Data provided Block Start

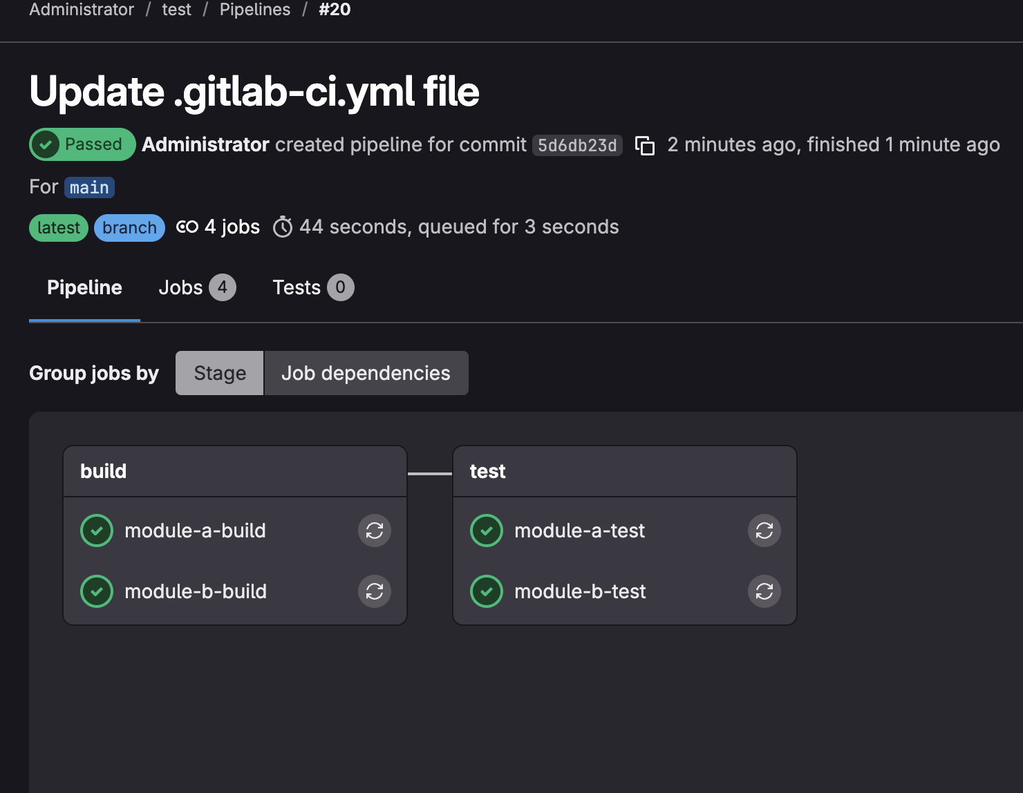 needs: ["module-a-build"],在执行module-a-build 的时候执行当前 job
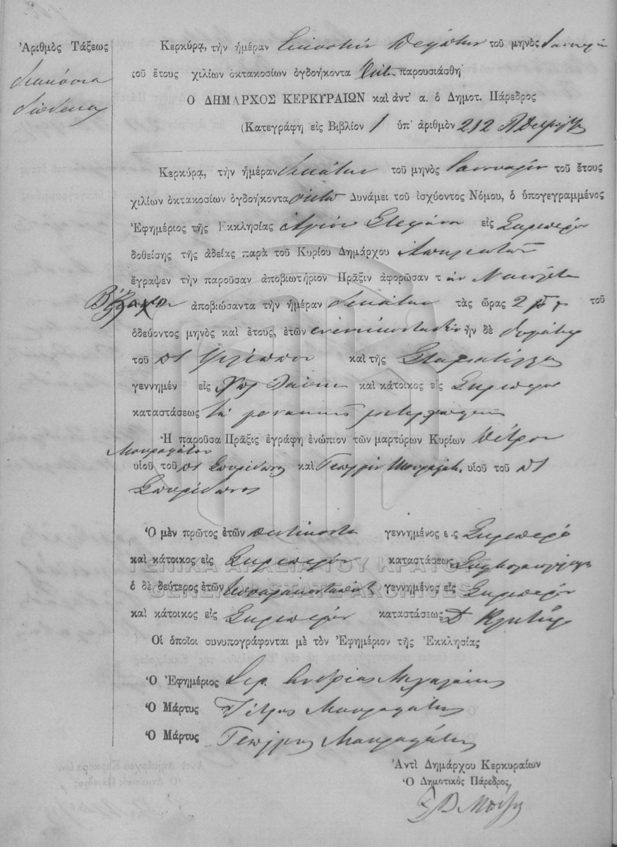 ΛΗΞΙΑΡΧΕΙΟ ΚΕΡΚΥΡΑΣ - Ληξιαρχικές Πράξεις Θανάτων  [1841 - 1932]
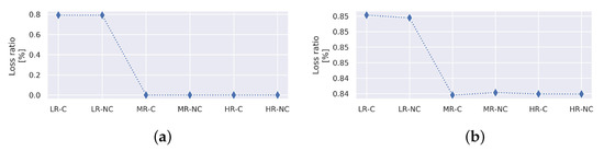 For comparison purposes, all the compression profiles shown in Table 1 were considered. As expected, the profiles that discard colour during compression, which are LR-NC, MR-NC and HR-NC, deliver the highest compression ratio, resulting in smaller codified point clouds with regard to its coloured counterparts. Particularly, the LR-C and LR-NC profiles offer the fastest computation and transmission times. For the LR-NC, it is possible to achieve frame rates of up to ∼17.44 fps (see Table 3). However, the loss-ratio rounds to ∼0.8, as shown in Figure 14a). Regardless of the compression profile used, the performance of raw 3D data transmission is surpassed by being able to provide update rates ranging from 3.25 fps, in highest coloured resolution to 17.44 colourless lowest resolution.

Data provided Block End

◆ **Your objective**:
The pictures are not wanted, but every line of the listing should be duplicated exactly.

◆ **Expected answer**:
 needs: ["module-a-build"],在执行module-a-build 的时候执行当前 job
 ΛΗΞΙΑΡΧΕΙΟ ΚΕΡΚΥΡΑΣ - Ληξιαρχικές Πράξεις Θανάτων  [1841 - 1932]
 For comparison purposes, all the compression profiles shown in Table 1 were considered. As expected, the profiles that discard colour during compression, which are LR-NC, MR-NC and HR-NC, deliver the highest compression ratio, resulting in smaller codified point clouds with regard to its coloured counterparts. Particularly, the LR-C and LR-NC profiles offer the fastest computation and transmission times. For the LR-NC, it is possible to achieve frame rates of up to ∼17.44 fps (see Table 3). However, the loss-ratio rounds to ∼0.8, as shown in Figure 14a). Regardless of the compression profile used, the performance of raw 3D data transmission is surpassed by being able to provide update rates ranging from 3.25 fps, in highest coloured resolution to 17.44 colourless lowest resolution.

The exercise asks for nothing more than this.